The official unemployment rate ticked down to 9.0% from 9.1% on September as the Household Survey (separate from the payroll survey, but used to calculate the unemployment rate) showed an increase of 277,000. Since those re-entering the workforce only rose 181,000, the unemployment rate fell.
Outside of two months (Feb. and March 2011) when the jobless rate dipped below 9%, the unemployment rate has been stuck at this elevated level for longer than at any time since the Great Depression – averaging 9.4% over the past 29 months.
Two quick points on the jobless rate:
First, Household employment (which includes the self-employed) has increased for three-straight months, up 1.006 million over this period. Economists like to say that after three months of nice increase in this number, the labor market is on track to improve.
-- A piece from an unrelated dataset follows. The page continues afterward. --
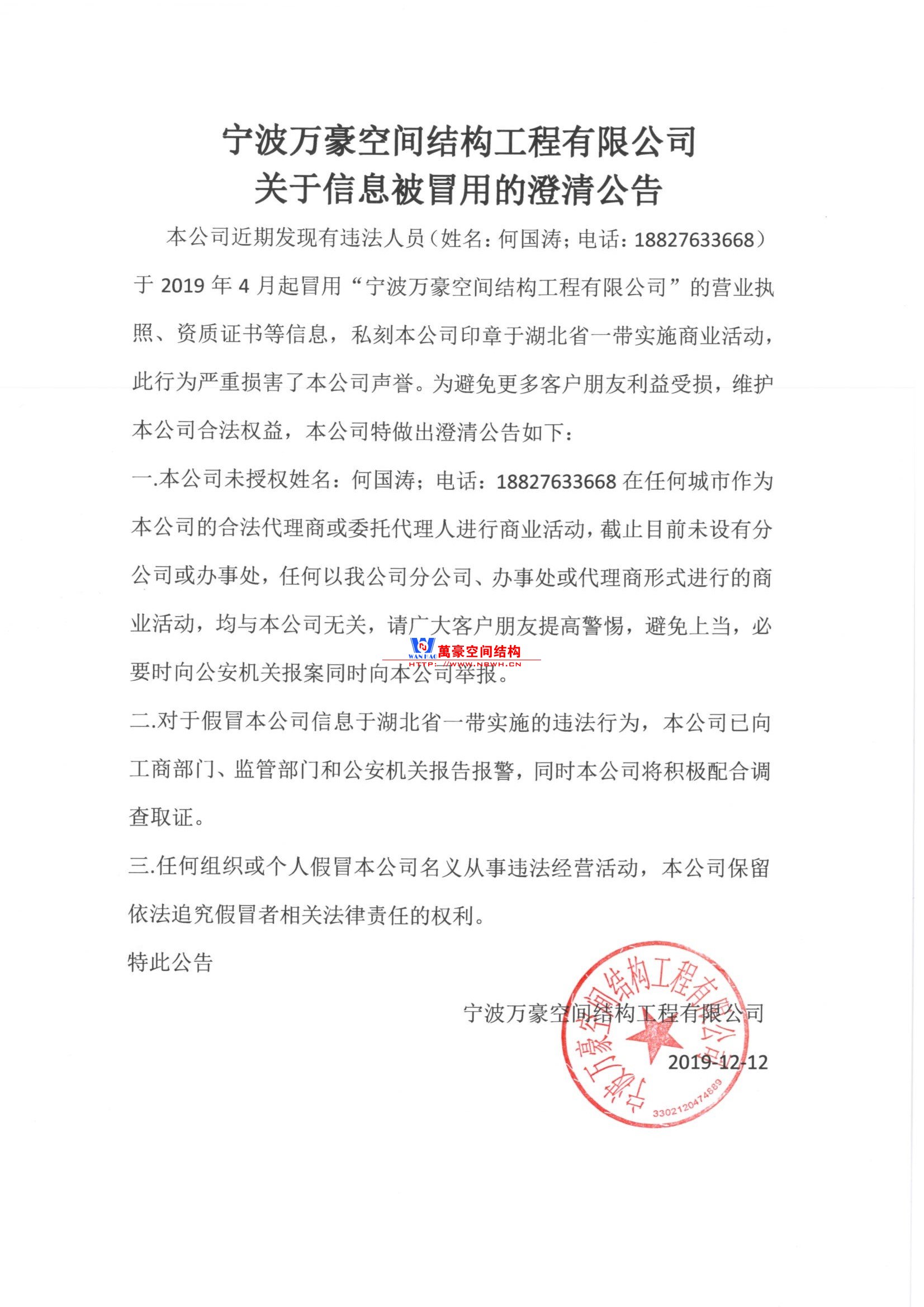 寧波萬豪空間結構工程有限公司關于信息被冒用的澄清公告

However, I’ll point out that we saw a four-month streak of 955,000 increase at the beginning of the year only to see the reading give more than half of those gains back in the following four months. So I’d caution to get too excited about the Household number just yet.
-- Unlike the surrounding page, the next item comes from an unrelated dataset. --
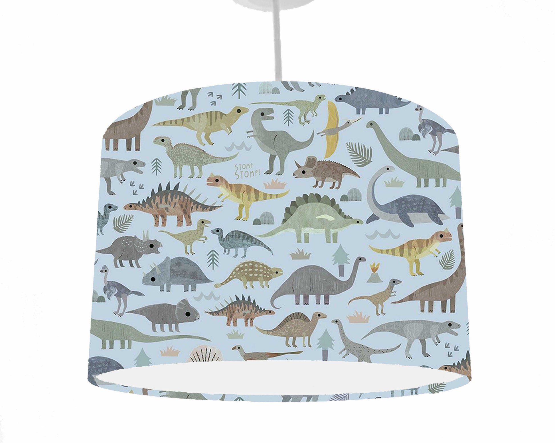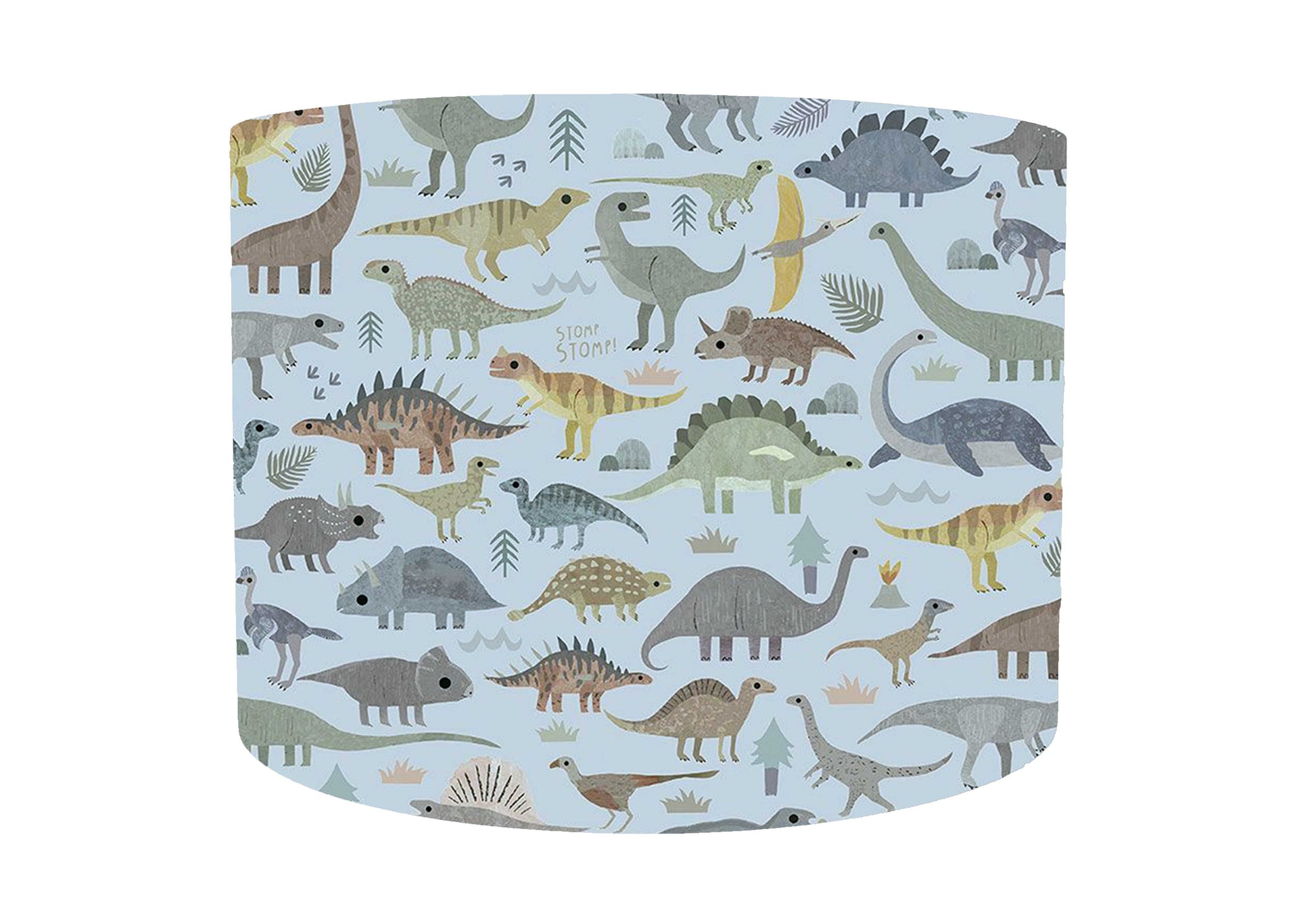 A blue dinosaur lampshade, perfect for a dinosaur themed nursery or bedroom.

Second, 181,000 people re-entered the workforce. With the participation rate sitting at just 64.2%, it will take the re-entry of five million people into the labor force to get us back to the modern-era average participation rate of 66%. Thus, we’ll need a couple of years of roughly 300K/month job growth to absorb these people and get the jobless rate moving lower.
The U6 unemployment rate fell to 16.2% from 16.5% -- this captures those that are available for work but didn’t look for a job in the past four weeks (the official jobless rate excludes these people) and those working part time for economic reasons (they want full time work but can only find part time). More part-time workers found full-time work in October.
The long-term unemployment situation improved, but remains extremely troublesome.
The average duration of unemployment fell to 39.4 weeks from 40.5 in September.
Those out of work for at least six months (defined as the long-term unemployed) fell to 5.840 million, down 366,000 over the past month. As a percentage of the total unemployed, that figure is 42.4%.
Average hourly earnings rose 0.2%, up just 0.1% over the past three months and +1.8% over the past year. Inflation has increased 3.0%-3.9% (depending on the gauge) over the past 12 months.